The Syrian conflict through the theories of constructivism and realism Essay
The Syrian conflict through the theories of constructivism and realism
This essay aims to delineate and elucidate the Syrian conflict through the theories of constructivism and realism. Particular attention will be paid to the origin of the Syrian Civil War, along with the major actors involved in this regional, and now international, conflict.
“The people want to topple the regime!” was the anti-government graffiti on the wall of a local school in Daraa city painted by a group of Syrian children on March 2011. Those children were arrested and tortured by the local security authorities (Diehl, 2012: 7). This act eventually led to an anti-governmental uprising due to the outrageous reaction of the community over children’s mistreatment after incarceration by the local security authorities. The uprising demanded the release of children, justice, freedom as well as equality for all people. At the core, these peaceful demonstrations were considered to be against the sectarian and family dictatorship because the political power was mainly held by the Alawite elite (Diehl, 2012). In response to these demonstrations, the Syrian government planned to enforce security forces for the protestors to suppress them. The deadly aggression used by the government to oppose dissent led to protests across the country calling for the president to resign. Violence soon escalated as the government battled hundreds of rebel brigades. This rebellion further turned into a full-fledged civil war between the Free Syrian army and the Syrian regime (Thompson, 2016). The main allegation that the Syrian regime associated with the protestors was that they were Islamic Al- Qaeda’s extremist terrorist gangs who were supported and funded by the various countries such as Turkey, Qatar, the kingdom of Saudi Arabia as well as the United States of America which they try to seek peace with Israel (Sommier, 2014). Similarly, the same Syrian regime who was supported by Russia, China and Iran, was present in the front fire line with Israel (Fisher, 2012). Since then, the regional and international intervention has proven to be a key factor in the power struggle as the government and opposition have received financial, political and military support. This has directly intensified the fighting and allowed it to continue; Syria is effectively being used as a proxy battlefield (Wimmen and Asseburg, 2012).

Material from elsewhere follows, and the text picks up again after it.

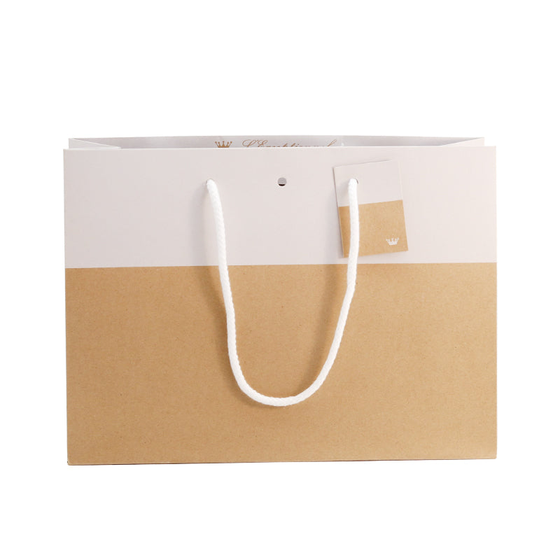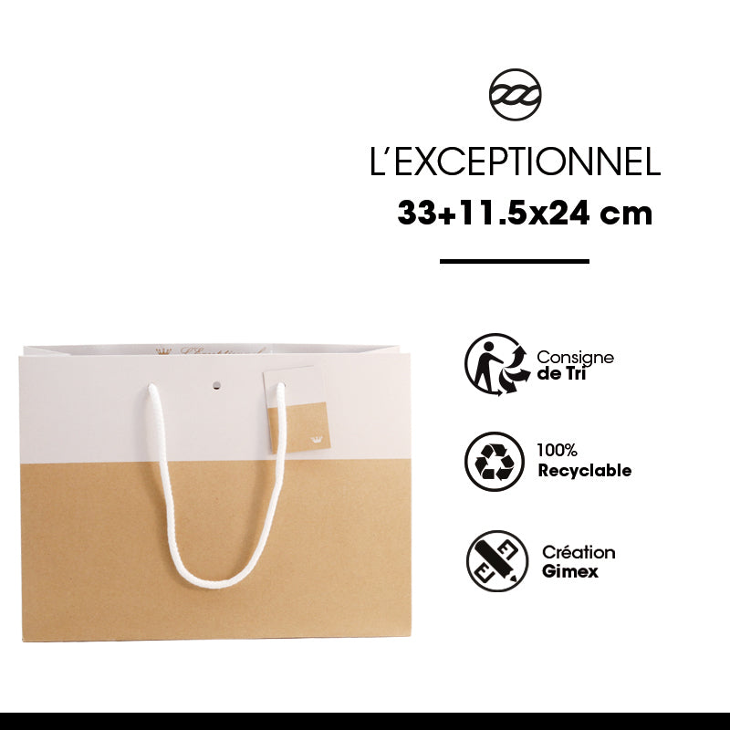 Sac boutique bicolore fabriqué à partir d'un papier kraft brun recyclé à plus de 70%, résistant et qualitatif en 175gr/ d'épaisseur. Muni de poignées en papier, il est 100% recyclable. Personnalisez le sac grâce à la carte message attachée à l'une des poignées.

The death toll as recorded and presented by the Syrian center for policy research approximately totaled at 470,000 as a result of ongoing conflict until February 2016. Due to the intensification and spread of fighting, a dire humanitarian crisis was evident since 4.8 million people tried to take refuge abroad and 6.1 million people were internally displaced as per the records of UN Office for the Coordination of Humanitarian Affairs. It has also been reported by the Syrian Network for Human Rights that since 2011, more than 117,000 people have been either disappeared or detained by the governmental forces. In the detention, ill-treatment and torture are two rampant things that have also resulted in the death of thousands of people in detention. In addition to all the crisis events going on, ISIS (Islamic State) made more complications by the widespread and systematic violations. This was achieved by ISIS through targeting civilians with artillery, kidnappings, executions, using children as soldiers, and torture (Human Rights Watch, 2016).